In this section, we aim to investigate how the adversarial perturbation of SVAT works in reducing stock-recommendation risks and provide some insights about risk quantification for investors. As discussed in Section 3.2, by sampling multiple adversarial perturbations \(\boldsymbol{\delta }_i^1, \boldsymbol{\delta }_i^2, \ldots , \boldsymbol{\delta }_i^M\) from the perturbation distribution \(p(\boldsymbol{\delta }_i|\tilde{\mathbf {x}}_i)\) learned by the variational perturbation generator, one can compute the ranking entropy \(\mathcal {H}(\tilde{\mathbf {x}}_i)\) for each stock \(s_i\) using Equation (7).

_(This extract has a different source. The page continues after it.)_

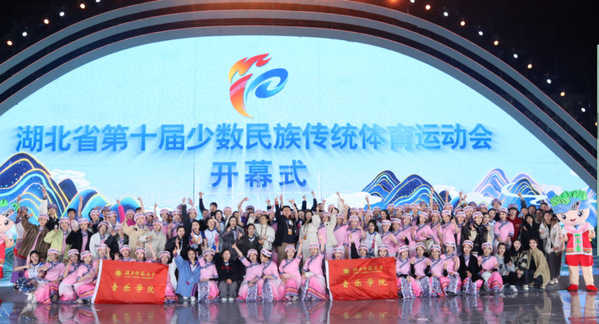 本网讯 桃红四月,万木争春。4月23日至26日,由省民宗委、省体委局、宜昌市人民政府主办,五峰土家族自治县人民政府承办的湖北省第十届少数民族传统体育运动会在宜昌市隆重举行。威廉希尔官网音乐学院共138人受邀参演运动会开幕式与闭幕式,此次演出完美展现了音乐学院学子精湛的专业技能和意气风发、昂扬向上的精神风貌。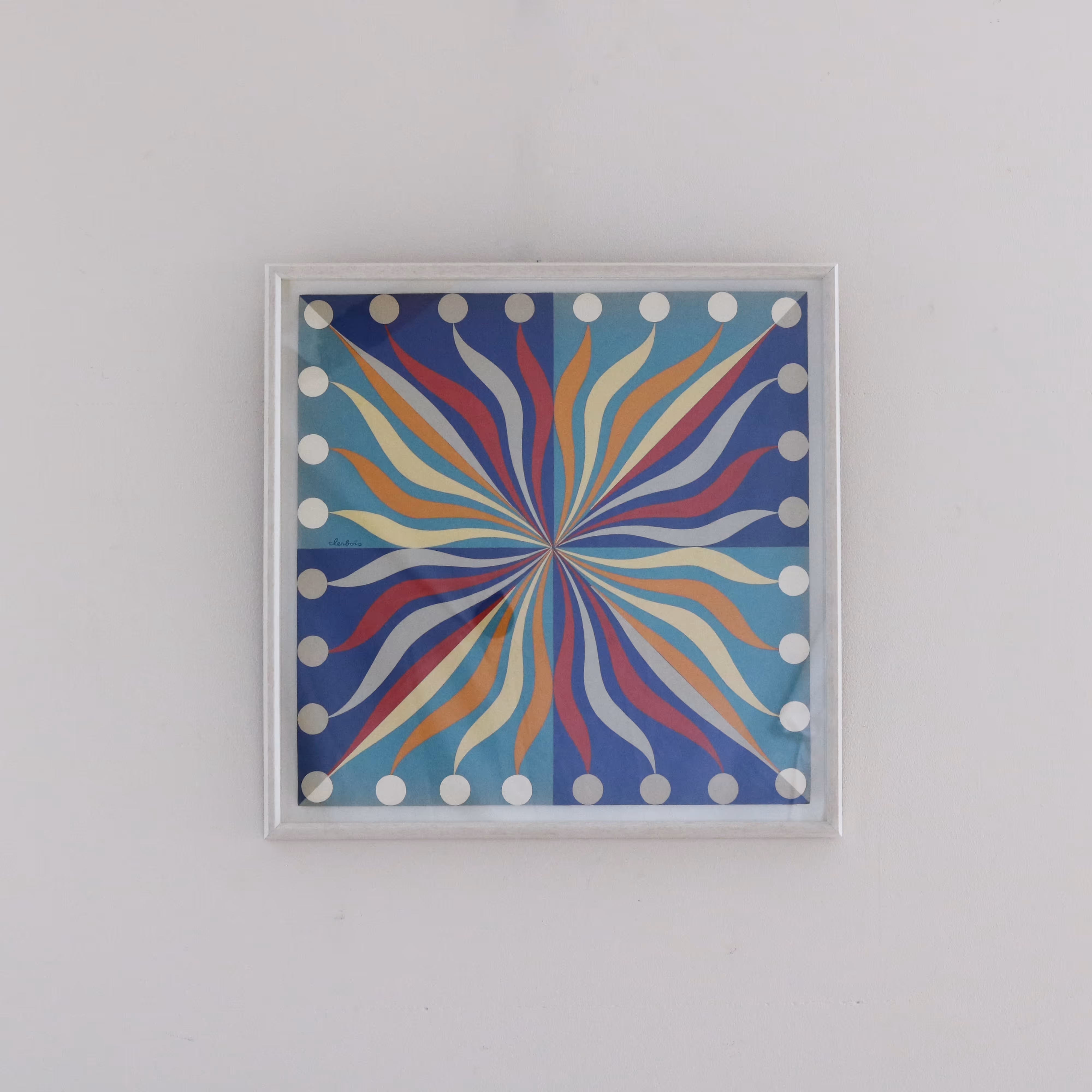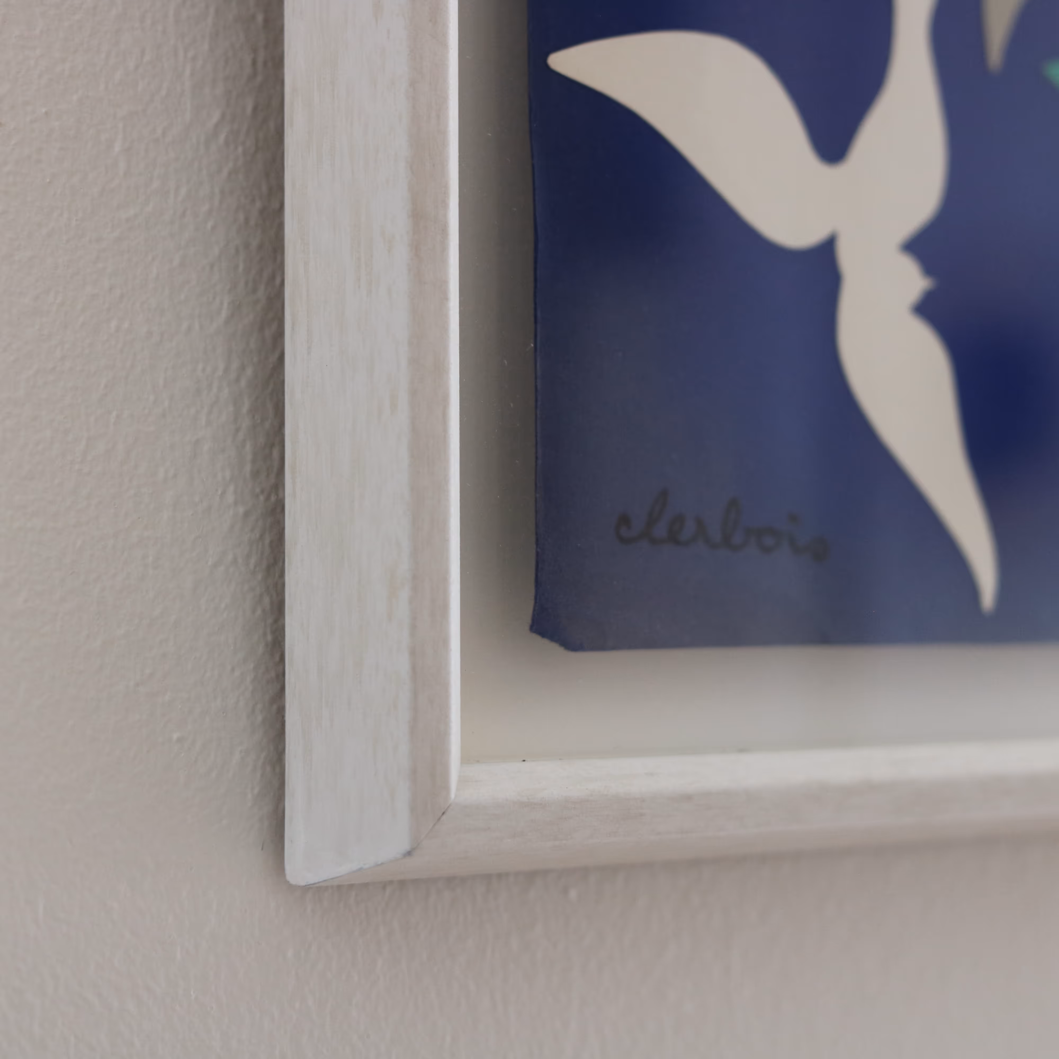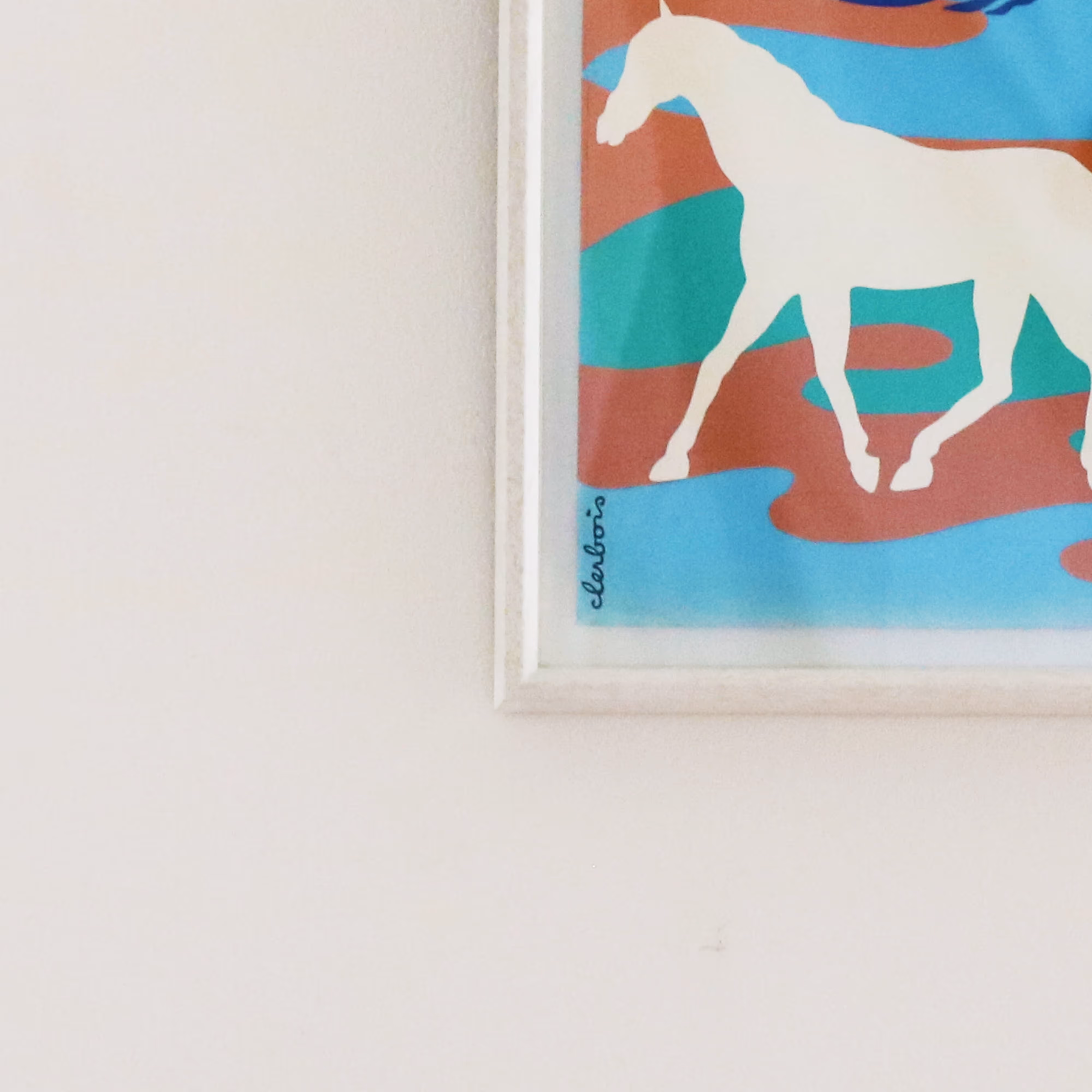 Set of three brightly coloured collages by illustrator Clerbois, respectively representing horse, birds and the sun.

We postulate that the relationship between ranking entropies and stock returns could indirectly reveal the truth about risk reduction. Accordingly, we sample \(M=50\) perturbations for each stock example of the testing datasets and inspect the interactions between their ranking entropies and investment returns. Figure 11 shows an example of the relation between \(\mathcal {H}(\tilde{\mathbf {x}}_i)\) and the return ratio \(r_{i,t}\), where we randomly select 50 stocks from NASDAQ, NYSE, and CASE datasets for illustration. Overall, the ranking entropy and the return ratio present an inverse relation, where:

Fig. 11.

—

For NASDAQ and NYSE datasets, most stocks with \(\mathcal {H}(\tilde{\mathbf {x}}_i) \lt 0.25\) earn profits (\(r_{i,t} \gt 0\)) and most stocks with \(\mathcal {H}(\tilde{\mathbf {x}}_i) \gt 0.75\) indicate risks (\(r_{i,t} \lt 0\)).

—

For CASE datasets, most stocks with \(\mathcal {H}(\tilde{\mathbf {x}}_i) \lt 1.0\) earn profits (\(r_{i,t} \gt 0\)) and most stocks with \(\mathcal {H}(\tilde{\mathbf {x}}_i) \gt 1.5\) indicate risks (\(r_{i,t} \lt 0\)).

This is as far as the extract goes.